Soulful Black-Eyed Peas Recipe - Cooking Index
1 lb | 454g / 16oz | Dried black-eyed peas |
Water | ||
1 tablespoon | 15ml | Olive oil |
1 cup | 62g / 2.2oz | Onion - chopped |
2 | Garlic - crushed | |
1 teaspoon | 5ml | Salt |
1 teaspoon | 5ml | Crushed dried thyme |
2 | Bay leaves | |
1/4 teaspoon | 1.3ml | Cracked red or black pepper |
Sort peas, then wash and drain. Soak 1 hour in water to cover. Drain and set aside. Heat olive oil in large heavy saucepan. Add onion and saute over medium heat until almost browned, about 5 minutes.
Stir in garlic, then 4 cups water, salt, thyme, bay leaves and pepper. Bring to boil.

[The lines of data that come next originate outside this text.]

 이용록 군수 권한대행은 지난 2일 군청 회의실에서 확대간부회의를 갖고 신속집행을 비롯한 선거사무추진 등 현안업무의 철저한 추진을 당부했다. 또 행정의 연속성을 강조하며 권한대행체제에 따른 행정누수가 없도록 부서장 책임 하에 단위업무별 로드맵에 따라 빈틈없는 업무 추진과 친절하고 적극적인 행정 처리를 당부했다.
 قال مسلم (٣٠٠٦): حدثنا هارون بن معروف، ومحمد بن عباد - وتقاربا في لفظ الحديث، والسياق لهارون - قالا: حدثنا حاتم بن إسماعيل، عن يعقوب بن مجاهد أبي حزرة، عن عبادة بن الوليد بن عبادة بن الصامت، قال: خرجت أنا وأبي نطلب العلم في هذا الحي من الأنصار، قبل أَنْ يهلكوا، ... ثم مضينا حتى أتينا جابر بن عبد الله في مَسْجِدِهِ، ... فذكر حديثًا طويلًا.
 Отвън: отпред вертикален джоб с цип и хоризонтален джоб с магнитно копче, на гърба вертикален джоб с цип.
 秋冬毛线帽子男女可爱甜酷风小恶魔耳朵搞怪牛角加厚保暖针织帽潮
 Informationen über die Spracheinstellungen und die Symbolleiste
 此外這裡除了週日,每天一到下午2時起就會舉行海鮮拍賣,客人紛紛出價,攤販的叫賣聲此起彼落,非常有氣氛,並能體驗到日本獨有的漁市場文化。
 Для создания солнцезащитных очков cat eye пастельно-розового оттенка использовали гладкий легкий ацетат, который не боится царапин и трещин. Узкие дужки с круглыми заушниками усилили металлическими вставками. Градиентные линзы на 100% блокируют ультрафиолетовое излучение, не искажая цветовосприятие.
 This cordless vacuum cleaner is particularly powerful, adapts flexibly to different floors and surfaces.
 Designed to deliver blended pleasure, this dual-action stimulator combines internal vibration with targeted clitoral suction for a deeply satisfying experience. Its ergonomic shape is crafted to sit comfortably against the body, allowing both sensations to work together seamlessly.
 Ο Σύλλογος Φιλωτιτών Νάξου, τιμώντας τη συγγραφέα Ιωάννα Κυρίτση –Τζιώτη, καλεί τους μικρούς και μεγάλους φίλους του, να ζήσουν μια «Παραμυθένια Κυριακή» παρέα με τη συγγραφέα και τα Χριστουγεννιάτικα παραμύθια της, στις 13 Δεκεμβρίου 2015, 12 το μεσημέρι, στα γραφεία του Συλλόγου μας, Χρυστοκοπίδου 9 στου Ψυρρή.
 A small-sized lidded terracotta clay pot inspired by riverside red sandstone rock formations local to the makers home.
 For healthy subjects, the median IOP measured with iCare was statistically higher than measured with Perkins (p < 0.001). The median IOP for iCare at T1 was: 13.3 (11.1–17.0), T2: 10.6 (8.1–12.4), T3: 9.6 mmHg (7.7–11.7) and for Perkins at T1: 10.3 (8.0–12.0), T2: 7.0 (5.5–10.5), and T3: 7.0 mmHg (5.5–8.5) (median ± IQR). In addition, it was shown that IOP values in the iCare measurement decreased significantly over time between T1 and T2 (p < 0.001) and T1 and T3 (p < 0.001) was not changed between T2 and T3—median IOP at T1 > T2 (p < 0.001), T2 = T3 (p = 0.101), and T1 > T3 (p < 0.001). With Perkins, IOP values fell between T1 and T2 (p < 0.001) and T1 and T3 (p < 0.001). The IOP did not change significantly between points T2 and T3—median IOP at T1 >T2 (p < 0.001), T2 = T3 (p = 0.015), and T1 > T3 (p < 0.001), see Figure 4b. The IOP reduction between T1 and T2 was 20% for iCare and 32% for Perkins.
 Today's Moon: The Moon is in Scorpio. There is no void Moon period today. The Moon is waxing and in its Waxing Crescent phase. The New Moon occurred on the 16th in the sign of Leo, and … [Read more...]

Add drained peas and return to boil. Reduce heat to low. Cover and cook 45 minutes to 1 hour, or until peas are tender.
Source:
Frances Price, L.A. Times article, "Reviving Soul Food", 1/14/93, page H10. "I've worked out new ways for old favorite [soul food] recipes, considerably lightened in both fat and salt, that preserve much (but not all) of that old-time flavor."